Aictx works out of the box, but it becomes much more useful when memory matches the shape of your project.

Specializing Aictx does not mean designing a big ontology. It means teaching future agents the context a teammate would normally pick up over time: what the product is for, which workflows matter, where traps live, what conventions are current, and which facts are source-backed.

By default, aictx init updates marked Aictx sections in AGENTS.md and CLAUDE.md. Keep those sections short and reviewable. They should tell agents when to load memory, when to save durable memory, and when saving nothing is the right answer.

If your agent client uses optional skills or instruction files, Aictx also ships copyable generated guidance under integrations/. These files are setup aids, not canonical memory.

For a new project, run:

Terminal window
aictx setup

or apply the conservative bootstrap directly:

Terminal window
aictx setup --apply

For manual review:

Terminal window
aictx suggest --bootstrap --patch > bootstrap-memory.json
aictx patch review bootstrap-memory.json
aictx save --file bootstrap-memory.json
aictx check

Good bootstrap memory usually includes:

  • source records for README files, package manifests, agent guidance, product docs, or stable external references recorded by an agent.
  • synthesis records for product intent, feature map, roadmap, architecture, conventions, agent guidance, and repeated workflows.
  • Atomic decision, constraint, fact, gotcha, workflow, question, note, or concept objects only when a precise durable claim is useful.

Do not invent product features from weak signals. Source-backed memory is much easier to trust and repair later.

Save durable project knowledge, not task diaries.

Good candidates:

  • product intent that explains why the app exists
  • capabilities and feature boundaries
  • architecture decisions and constraints
  • setup, release, migration, or debugging workflows
  • gotchas and repeated failure modes
  • current conventions that affect future edits
  • open questions that block safe implementation
  • source records for user-stated durable context

Bad candidates:

  • “I edited three files and tests passed”
  • guesses that are not supported by code, docs, or the user
  • secrets, tokens, credentials, private keys, or sensitive raw logs
  • temporary implementation notes with no future value

At the end of meaningful work, ask for a read-only save/no-save packet when useful:

Terminal window
aictx suggest --after-task "change auth routes" --json

When current code changes are already present:

Terminal window
aictx suggest --from-diff --json

When memory feels noisy or contradictory:

Terminal window
aictx audit --json
aictx stale
aictx graph <id>

Failure and correction are useful signals.

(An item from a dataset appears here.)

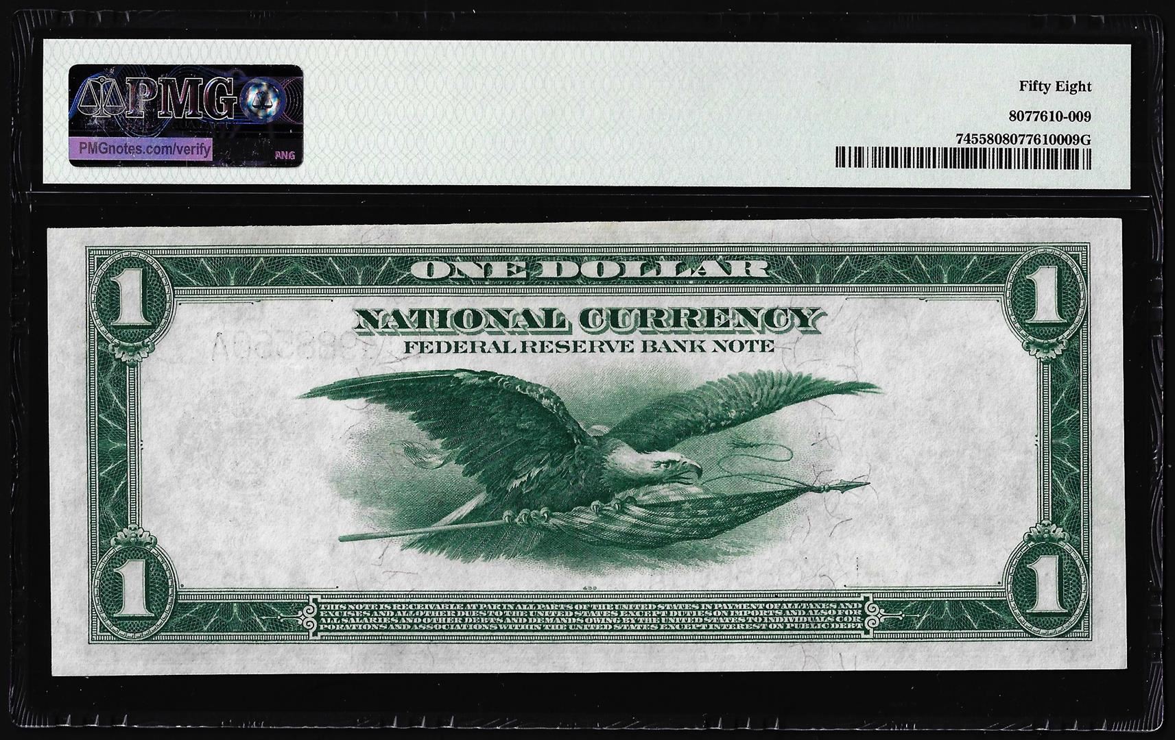 One 1918 $1 Federal Reserve Bank Note San Francisco Fr.745 PMG Choice About Unc. 58. PMG Certified.

If loaded memory contradicted current code, tests, docs, or the user request, repair the old memory. Update it, mark it stale, supersede it, or delete it instead of piling on a duplicate.

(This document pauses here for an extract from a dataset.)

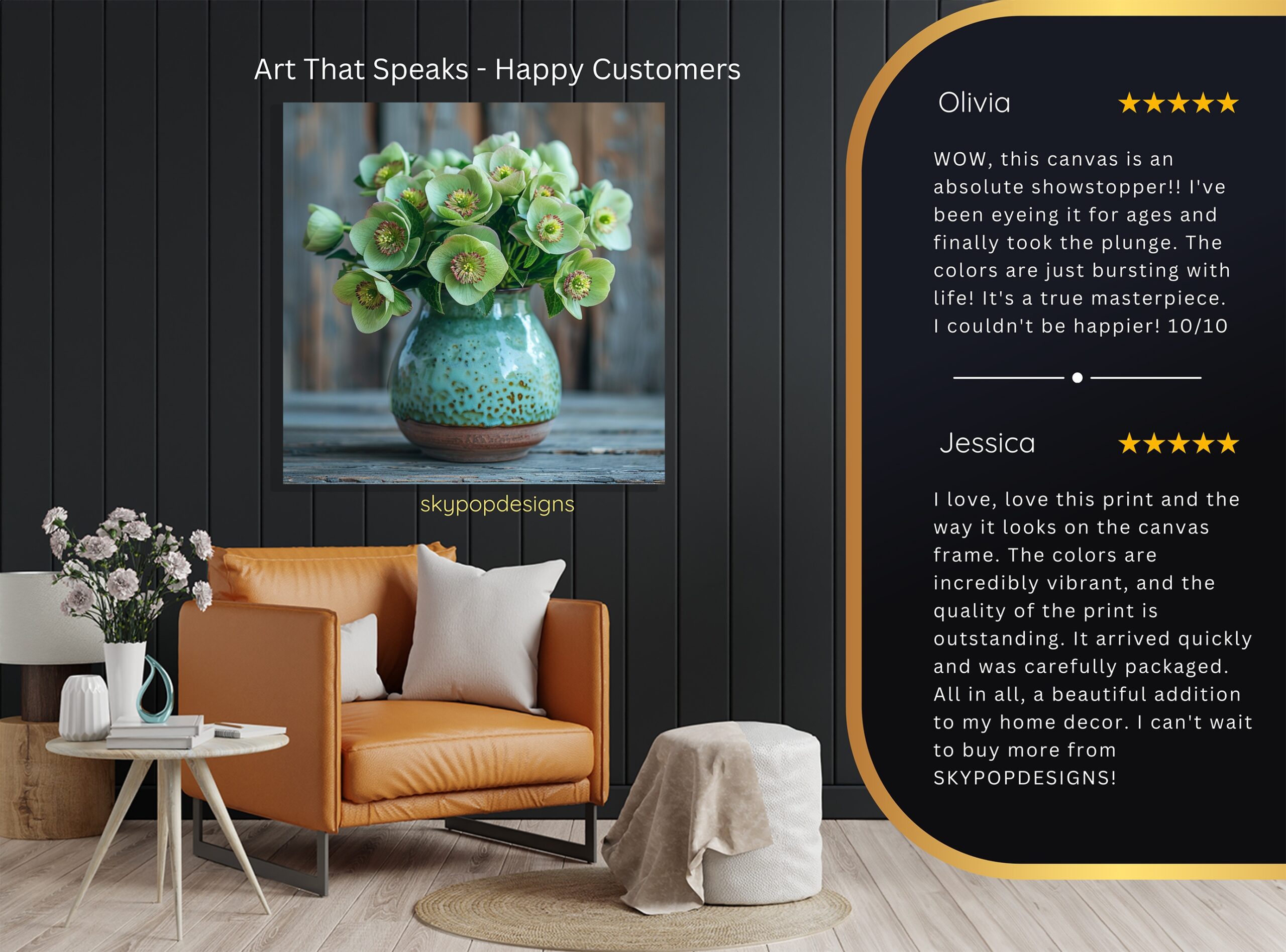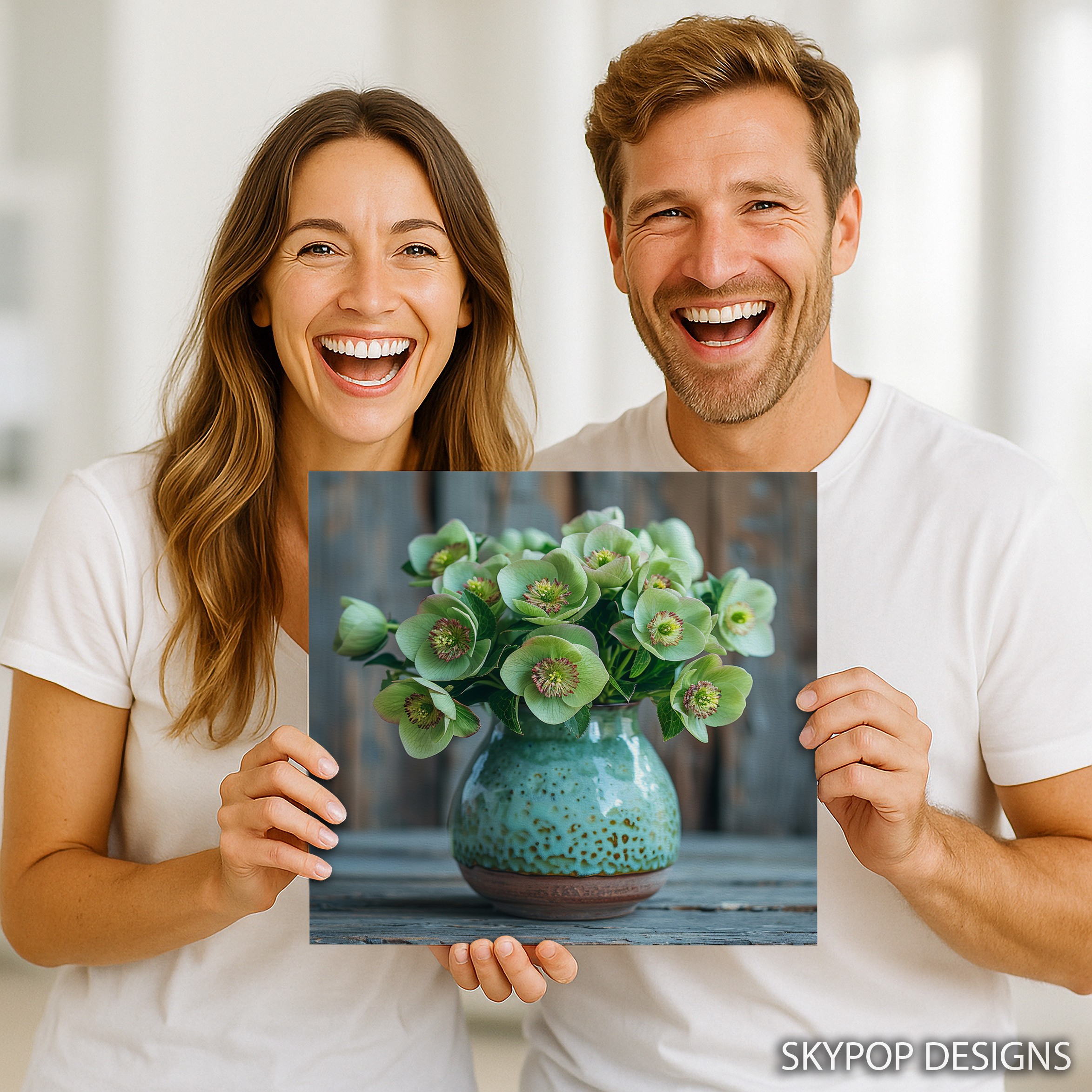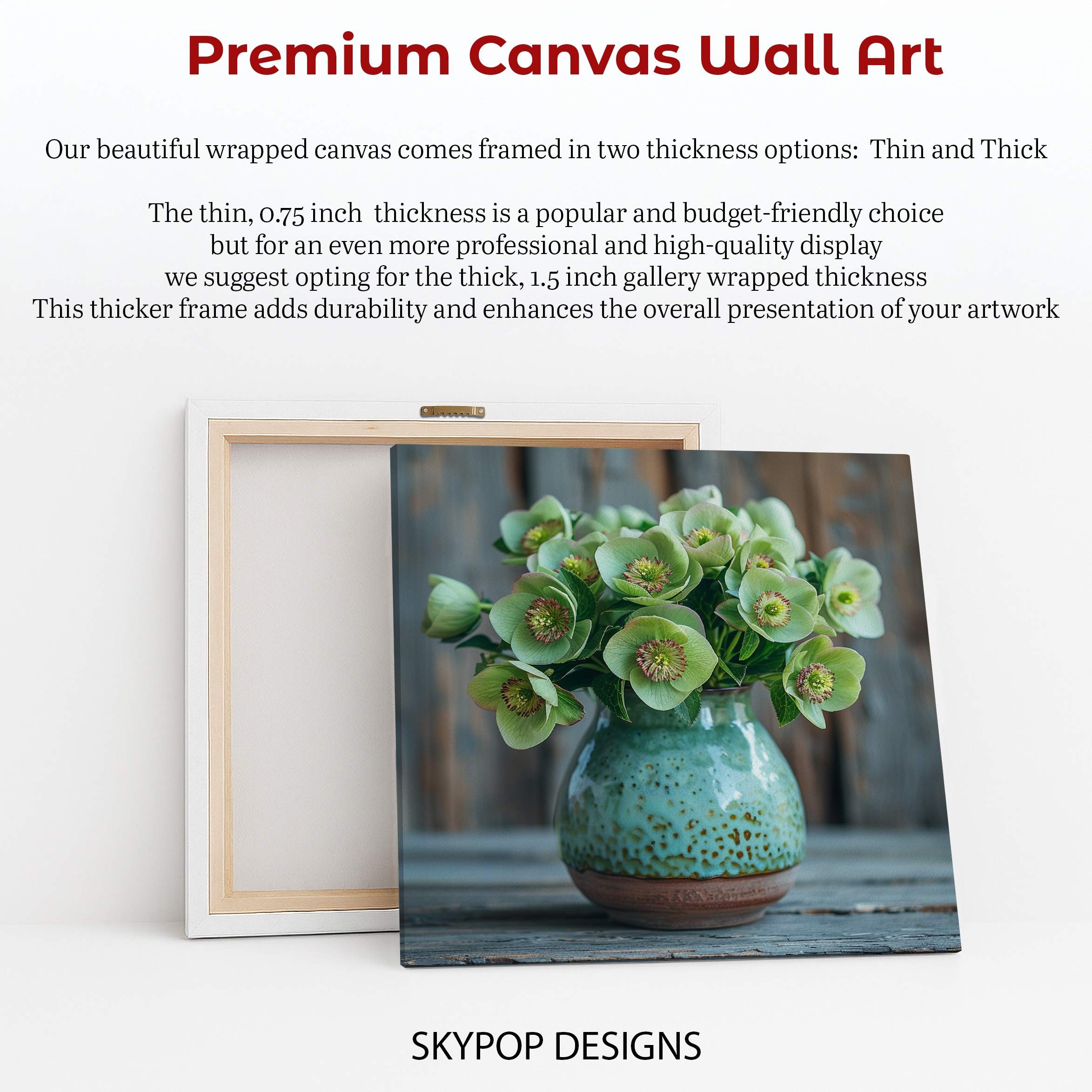 Elevate your home with this stunning hellebore canvas wall art, showcasing delicate blooms in a rustic vase. This poster or canvas wall art is perfect for bringing a touch of natural beauty into any space, from a cozy farmhouse living room to a serene bedroom. The soft green hues of the hellebore flowers and the teal tones of the ceramic vase create a calming and elegant atmosphere. Ideal for rustic and country decor styles, this floral artwork also complements traditional interiors beautifully. The hellebore, known for its exquisite detail and unique charm, makes a captivating centerpiece for your wall decor. High-quality printing ensures every petal and textural nuance of the vase is captured with clarity. This versatile floral art piece is also a wonderful addition to dining rooms or entryways, instantly enhancing your home’s welcoming ambiance. Whether you’re looking for a thoughtful housewarming gift, a birthday surprise, or a way to freshen up your seasonal decor, this hellebore canvas wall art offers enduring appeal. The earthy color palette blends harmoniously with a variety of interior color schemes, making it easy to integrate into your existing design. Transform your space with this exceptional hellebore flower art, combining natural elegance with timeless design trends. This canvas wall art is a must-have for anyone who appreciates fine floral decor and sophisticated wall art. Bring the tranquility of nature indoors and enhance your home’s aesthetic today.

The CLI is the default interface for routine memory work. MCP is available when the agent client has launched and connected to aictx-mcp.

MCP exposes exactly load_memory, search_memory, inspect_memory, save_memory_patch, and diff_memory. Setup, maintenance, recovery, export, registry, viewer, docs, suggest, audit, stale, and graph workflows are CLI-only in v1. These CLI-only commands are part of the v1 integration model rather than MCP parity gaps.

Local MCP is the near-term integration path for local agent harnesses. Remote MCP, hosted sync, cloud auth, cloud hosting, and ChatGPT App SDK UI are future work. Future ChatGPT-compatible search/fetch names are adapter aliases over search and inspect behavior, not local MCP tool names.